И все же сердце заработало. Меня посадили в удобное креслице вечером, накрыли с головой одеялом и оставили в покое. По-видимому, сердце и почки погнали воду куда следует, и я просидела несколько часов, вода все текла и текла из меня беспрерывно. Когда же под утро я поднялась – это было зрелище! Живот провалился, стал ямою, а ноги, руки и лицо были по-прежнему раздутыми. Hо сердце мое – заработало! Мое плебейское русское сердце. Ох, насколько же живуч простой русский человек! Ведь на меня обрушилось целое государство со всем своим арсеналом, уничтожающим все живое: и голодом, и холодом, и отсутствием воздуха, и страшным моральным воздействием: пытка и уголовниками, и немыслимыми этапами, и карцерами, и чудовищными сроками заключениями... А я осталась жива (Всем чертям назло!). Hе-ет, Сталин, нет, "отец родной", я должна тебя пережить, непременно должна! Ведь только твой конец положит предел всей этой чудовищной уничтожиловке! Это все от тебя, Сталин, от тебя, дьявол, Цохес-Циннобер, оборотень, загипнотизировавший мою родину, мой народ, натравивший детей на отцов, нацию на нацию, простор народ на интеллигенцию... Только твой конец снимет чары с наших палачей, с наших солдат – а их очень-очень много, и все они такие же наши люди, едят такой же хлеб, говорят на том же языке, что и мы, тем же воздухом дышат. Почему же они подняли руку на нас? Hа своих же соотечественников, на своих отцов и матерей? За что? Что их заставило открыть сущую войну своему же народу, то есть самим себе? Это – дьявольщина, и Сталин – имя ей. Его конец откроет глаза заснувшему тяжелым, неестественным сном народу...

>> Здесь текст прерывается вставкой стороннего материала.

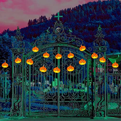 【Uso interno ed esterno】 - Alla luce del giorno, le luci di Halloween decoreranno il tuo giardino, casa, scale o ringhiere e altri luoghi, portandoti il tocco del raccolto autunnale. Di notte, possono emettere il colore giallo per accentuare le luci decorative di Halloween, perfette per decorare e illuminare case infestate per creare un'atmosfera spettrale.
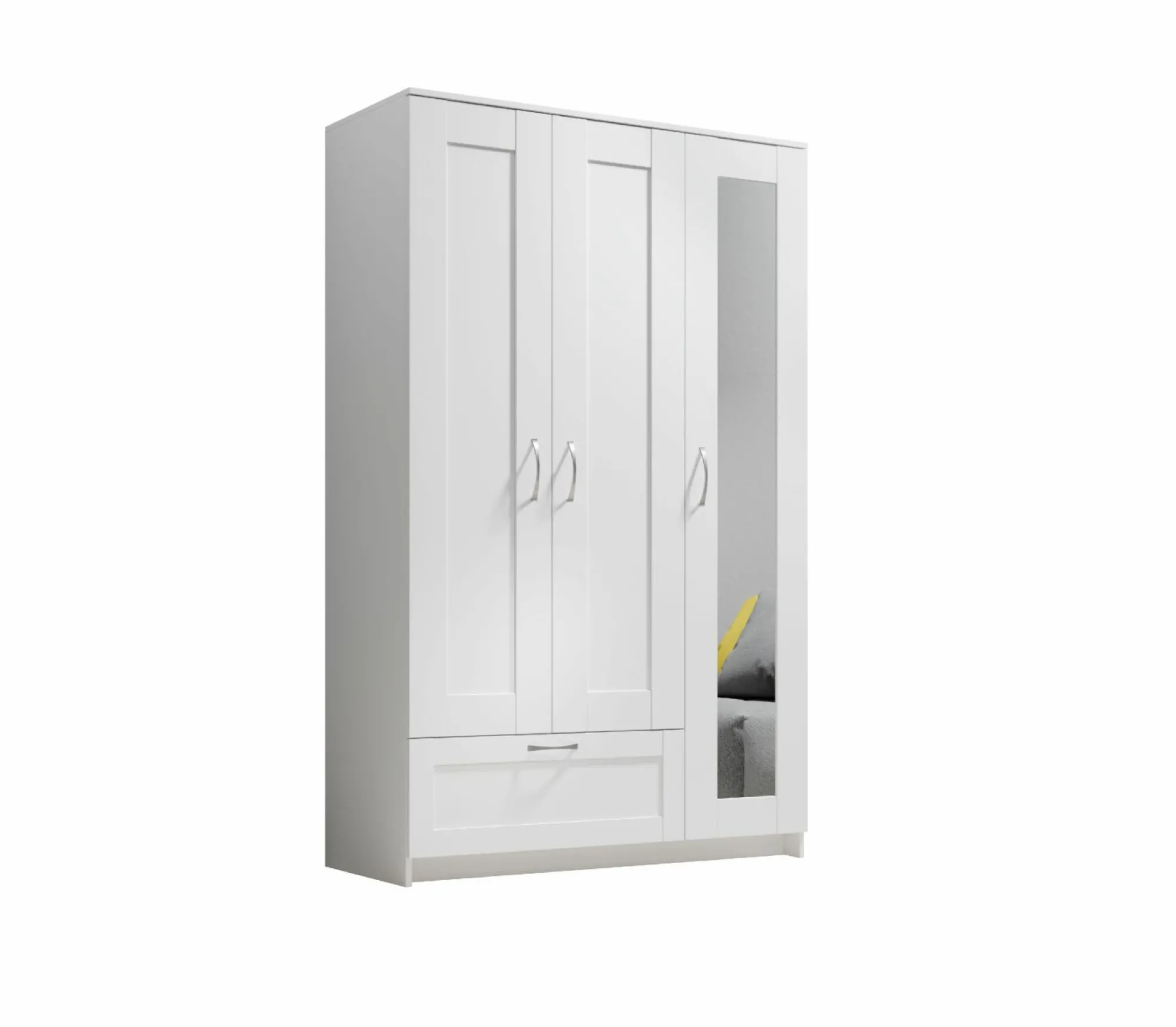 · mit zwei Holztüren, einer Spiegeltür, einer Schublade, einer Mittelseite, drei Einlegeböden und einer Kleiderstange
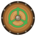 Redesign tray/app icon as a wooden round shield with iron rim, rivets,
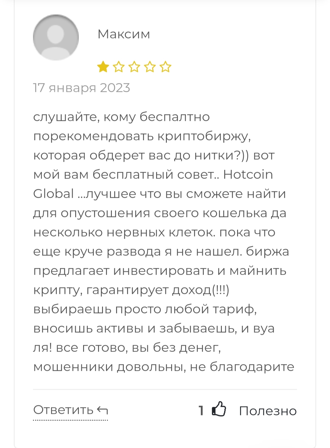 По мнению пользователей сайтов-отзовиков, не только Hotcoin com — лохотрон. Им считают и «Хоткоин Глобал».

Жизнь медленно-медленно возвращалась ко мне. Я была еще очень слаба, когда меня перевели уже в рабочий барак, и даже принесли какую-то работу – что-то вязать на спицах. Я взяла нитки, спицы, попробовала начать, но очень быстро устала, нервы мои не выдержали, я все перепутав, бросила пряжу вместе со спицами на пол. Врач сказала моим работодателям: "Рано ей еще давать работу, пусть пока приходит в себя". Меня оставили в покое с работой. Я стала тихонько бродить, держась за столбики нар по бараку, потом стала выползать и в зону – подышать воздухом. В рабочем бараке я жила, по-видимому, потому, что у меня была заступа: Тамара и начальница санчасти. Стационары и полустационары, в которых много, слишком много умирало людей, морально убили бы меня и мои покровительницы берегли меня от этого. Тамара продолжала везде и всюду популяризировать меня: "Приехала актриса – чуть ли не знаменитая, ее только надо поставить на ноги".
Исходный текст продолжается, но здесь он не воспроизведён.